Wada E, Suzuki S, Kanazawa A, Matsuoka T, Miyamoto S, Yonenobu K
Department of Orthopaedic Surgery, Osaka University Medical School, Osaka, Japan.
Spine (Phila Pa 1976). 2001 Jul 1;26(13):1443-7; discussion 1448. doi: 10.1097/00007632-200107010-00011.
A retrospective study was conducted.
To compare the long-term outcomes of subtotal corpectomy and laminoplasty for multilevel cervical spondylotic myelopathy.
No study has compared the long-term outcomes between subtotal corpectomy and laminoplasty for multilevel cervical spondylotic myelopathy.
In this study, 23 patients treated with subtotal corpectomy and 24 patients treated with laminoplasty were followed up for 10 to 14 years after surgery. Neurologic recovery, late deterioration, axial pain, radiographic results (degenerative changes at adjacent levels, alignment, and range of motion of the cervical spine), and surgical complications were compared between the two groups.

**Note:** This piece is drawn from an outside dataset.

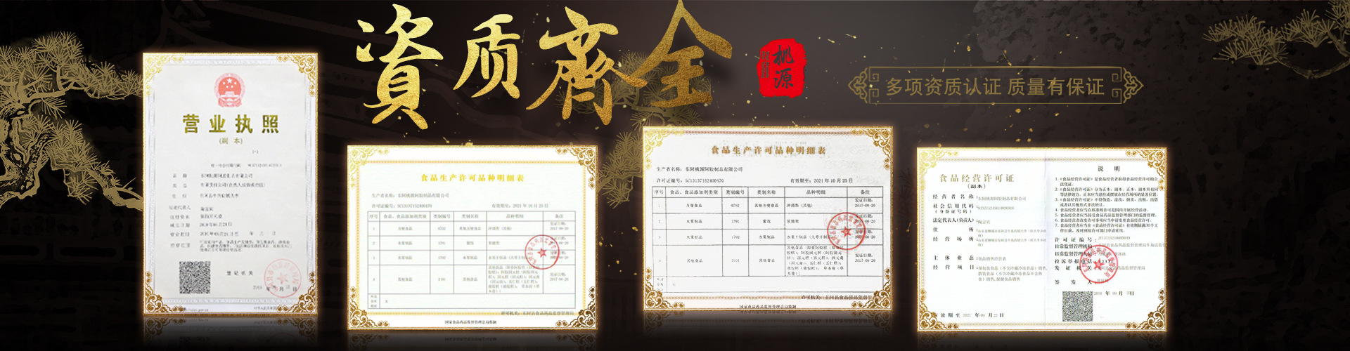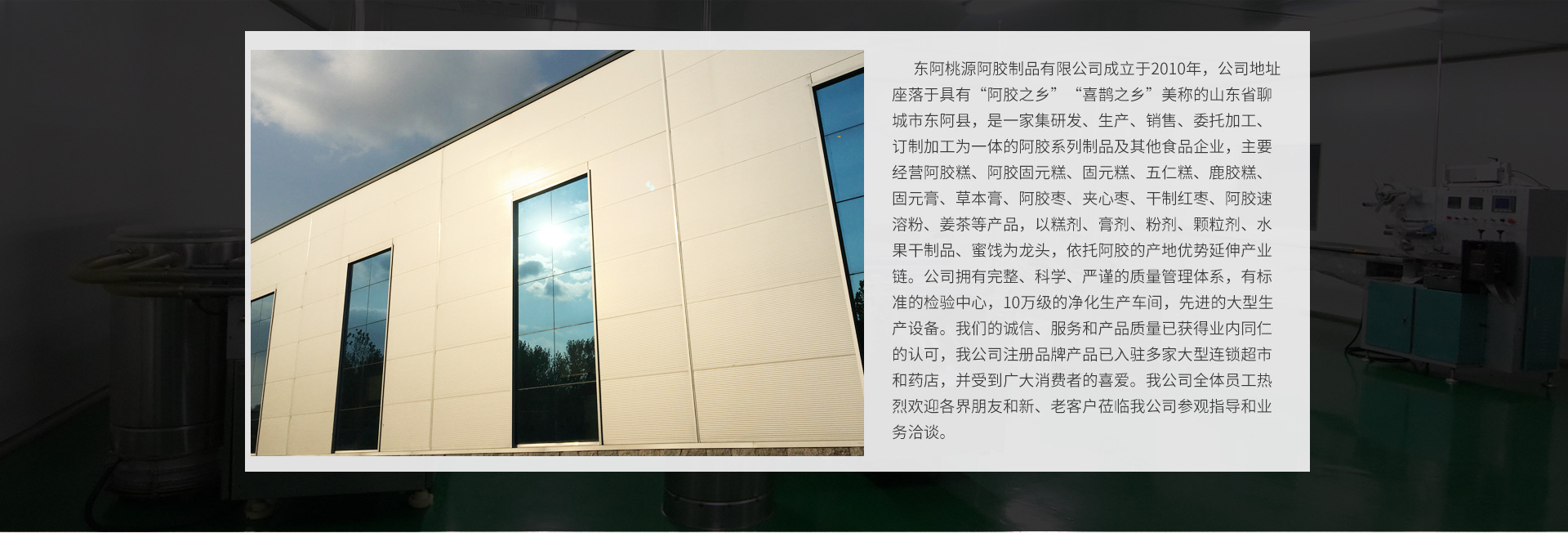 東阿桃源阿膠制品有限公司成立于2010年,坐落于具有“阿膠之鄉”美譽的山東省聊城市東阿縣,是一家集研發、生產、銷售、代工為一體的企業,主要經營產品有阿膠糕、阿膠固元糕、固元糕、固元膏、五仁糕、鹿膠糕、草本膏、干制紅棗、夾心棗、阿膠棗、姜茶、阿膠速溶粉、食圓(黑芝麻丸)等,以阿膠產業基地為依托延伸糕劑、膏劑、顆粒制品、粉劑、丸劑、水果干制品等,公司通過質量管理體系ISO22000認證,有標準化驗室,10萬級凈化車間,現代化生產設備,我們支持全國各級代理,電商采購、微商采購、直播代購、一件代發等業務,歡迎新老客戶蒞臨參觀指導工作。
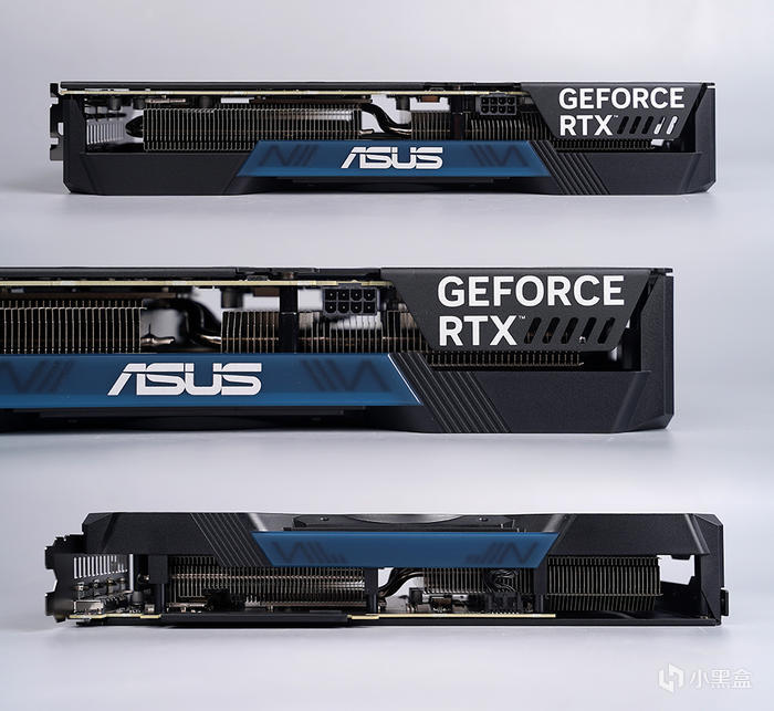 顯卡兩側採用大面積的外露式鰭片設計,增加進出風規模,加強散熱效能,鰭片做工非常的工整,居中冰藍色裝飾條,居中 ASUS LOGO 修飾,右上角 GEFORCE RTX 標註。

No significant difference in neurologic recovery was found between the two groups 1 and 5 years after surgery, or at the latest follow-up assessment. Neurologic status deteriorated in one patient of the subtotal corpectomy group because of adjacent degeneration, and in one patient of the laminoplasty group because of hyperextension injury. Axial pain was observed in 15% of the corpectomy group and in 40% of the laminoplasty group (P < 0.05). In the corpectomy group, listhesis exceeding 2 mm developed at 38% of the upper adjacent levels, and osteophyte formation at 54% of the lower adjacent levels. In the laminoplasty group, kyphotic deformity developed in one patient (6%) after surgery. In the corpectomy group, the mean vertebral range of motion had decreased from 39.4 degrees to 19.2 degrees (49%) by the final follow-up assessment. In the laminoplasty group, the mean vertebral range of motion had decreased from 40.2 degrees to 11.6 degrees (29%) by the final follow-up assessment. Neurologic complications related to the surgery occurred in two patients (one myelopathy from bone graft dislodgement and one C5 root palsy from bone graft fracture) of the corpectomy group and four patients (C5 root palsy) of the laminoplasty group. All of these patients recovered over time. The corpectomy group needed longer operative time (P < 0.001) and tended to have more blood loss (P = 0.24). Six patients in the corpectomy group needed posterior interspinous wiring because of pseudarthrosis.
Subtotal corpectomy and laminoplasty showed an identical effect from a surgical treatment for multilevel cervical spondylotic myelopathy. These neurologic recoveries usually last more than 10 years. In the subtotal corpectomy group, the disadvantages were longer surgical time, more blood loss, and pseudarthrosis. In the laminoplasty group, axial pain occurred frequently, and the range of motion was reduced severely.
进行一项回顾性研究。
比较多节段脊髓型颈椎病椎体次全切除术和椎板成形术的长期疗效。
尚无研究比较多节段脊髓型颈椎病椎体次全切除术和椎板成形术的长期疗效。
本研究中,对23例行椎体次全切除术和24例行椎板成形术的患者术后进行了10至14年的随访。比较两组患者的神经功能恢复情况、晚期退变、轴性疼痛、影像学结果(相邻节段的退变改变、颈椎排列及活动度)及手术并发症。
术后1年、5年及末次随访时,两组患者神经功能恢复情况无显著差异。椎体次全切除术组有1例患者因相邻节段退变导致神经功能恶化,椎板成形术组有1例患者因过伸性损伤导致神经功能恶化。椎体次全切除术组15%的患者出现轴性疼痛,椎板成形术组40%的患者出现轴性疼痛(P<0.05)。椎体次全切除术组中,38%的上相邻节段出现超过2mm的椎体滑脱,54%的下相邻节段出现骨赘形成。椎板成形术组有1例患者(6%)术后出现后凸畸形。椎体次全切除术组末次随访时平均椎体活动度从39.4度降至19.2度(降低49%)。椎板成形术组末次随访时平均椎体活动度从40.2度降至11.6度(降低29%)。椎体次全切除术组有2例患者(1例因植骨移位导致脊髓病,1例因植骨骨折导致C5神经根麻痹)和椎板成形术组有4例患者(C5神经根麻痹)出现与手术相关的神经并发症。所有这些患者均随时间恢复。椎体次全切除术组手术时间更长(P<0.001),且失血倾向更多(P=0.24)。椎体次全切除术组有6例患者因假关节形成需要行后路棘突间钢丝固定术。
多节段脊髓型颈椎病的手术治疗中,椎体次全切除术和椎板成形术疗效相同。这些神经功能恢复通常可持续10年以上。椎体次全切除术组的缺点是手术时间长、失血多及假关节形成。椎板成形术组轴性疼痛频繁出现,活动度严重降低。